I am very nervous about starting this thread and asking this, one because I know many of you are active military (and some have GEN Petraeus in their chain of command), and two because it's pretty politically sensitive, but all the political hoopla surrounding Congress, the White House, the American people, and GEN Petraeus/Ambassador Crocker the last few weeks has made me too curious not to ask. All that jazz about curiousity and the cat. . .
Anyway, is anyone else uneasy about GEN Petraeus and what he is doing in the United States? I personally feel that the administration has ceded it's Constitutional responsibilities as top policy-makers/policy strategists and has, in effect, "hid" behind GEN Petraeus and made the COIN/surge "strategy" (really a tactical reorientation in my mind) Petraeus' strategy rather than what it is, Bush's policy.
By ceding that responsibility, they have also passed GEN Petraeus the buck on "selling" the war.

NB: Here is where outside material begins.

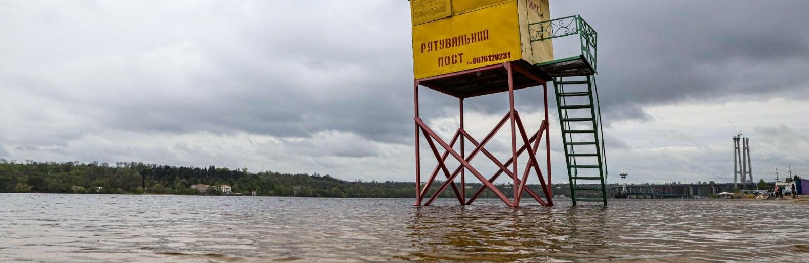 Вода «з’їла» з десяток метрів пляжу, підтопивши рятувальний пост, урни, «грибки» та дерев’яний майданчик кафе. 061.ua »

Now this is tricky, because I understand the importance of IO in any COIN situation (and the usual difficulties of fickle popular support for wars in the United States - or any liberal democracy), and I know some responsibility for IO falls to GEN Petraeus anyway. And most of what little I saw from his testimony was excellent - I particularly liked how he did not say whether MNF operations in Iraq are making America safer - but his appearances on Fox or on Katie Couric were cheerleader-esque appearances in some ways, and make me think that he's doing a lot of salesman work while he's here.
What especially bothers me is his op-ed from just before the 2004 election about the Iraqi Security Forces, which, as shown by events of the next years, was (to my admittedly non-expert perspective) debatable at best and patently false at worst. That editorial from a serving military officer smacked of political salesmanship, and I am worried that he is doing much of the same currently. I wonder what anyone else thinks of this blurring of political and military responsibilites.
I hope this was not too out of line, and if it was, I apologize.